It's not about the let bindings, it's about the macro.  Since one of the things
defmacro does is turn off evaluation of its arguments, the let bindings
in the code that sub generates do not have a vector where the binding forms should be
unless you pass in a literal vector. 

macroexpand-1 is your friend here:

match.core=> (macroexpand-1 '(sub (domatch '(x y z) '(1 2 3)) (+ x y z)))
(clojure.core/let (domatch (quote (x y z)) (quote (1 2 3))) (+ x y z))

So you can see that what's being passed to let in the generated code is actually
a list of generated code, not what you want at all...

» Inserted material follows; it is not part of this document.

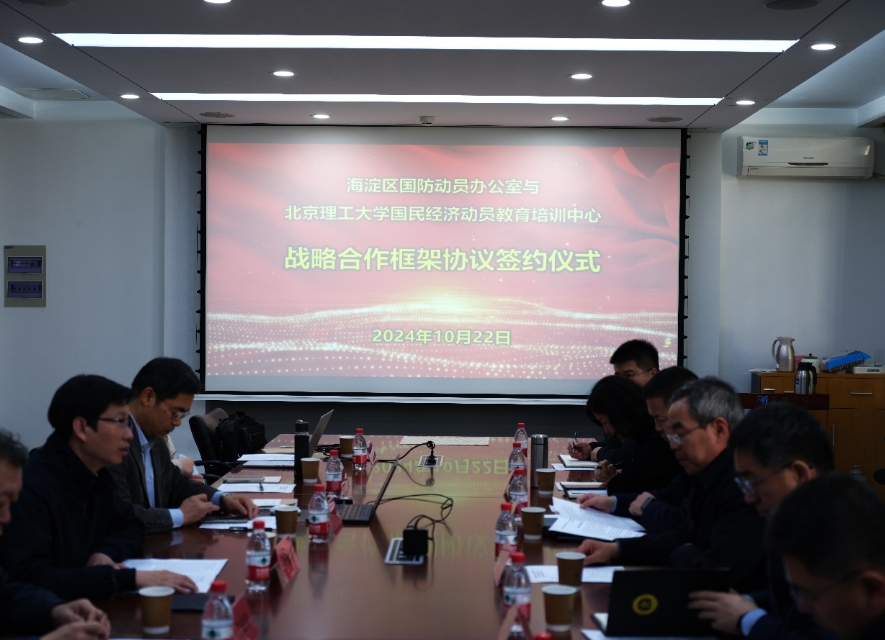 为深入贯彻落实党的二十届三中全会精神,努力开创一体化国家战略体系和能力建设新局面,10月22日下午,海淀区国防动员办公室(简称“海淀区国动办”)与bw必威西汉姆联官方网站国民经济教育培训中心(简称“北理工动员中心”)举行战略合作框架协议签约仪式。海淀区国动办书记孙鹏利、主任杨军昌等一行7人,betway西汉姆联官网副院长叶选挺、北理工动员中心孔昭君教授等参加签约仪式。仪式由北理工动员中心党支部书记刘铁忠主持。

One easy way to get around that is to just eval what you need evaled yourself:

(defmacro sub-2 [binds expr]
  (let [evaluated-bindings (eval binds)]
    `(let ~evaluated-bindings ~expr)))

match.core=> (macroexpand-1 '(sub-2 (domatch '(x y z) '(1 2 3)) (+ x y z)))
(clojure.core/let [x 1 y 2 z 3] (+ x y z))

match.core=> (sub-2 (domatch '(x y z) '(1 2 3)) (+ x y z))
6

I don't know if that's the right way to do it, but perhaps someone that's
more macro wizardy than I can chime in...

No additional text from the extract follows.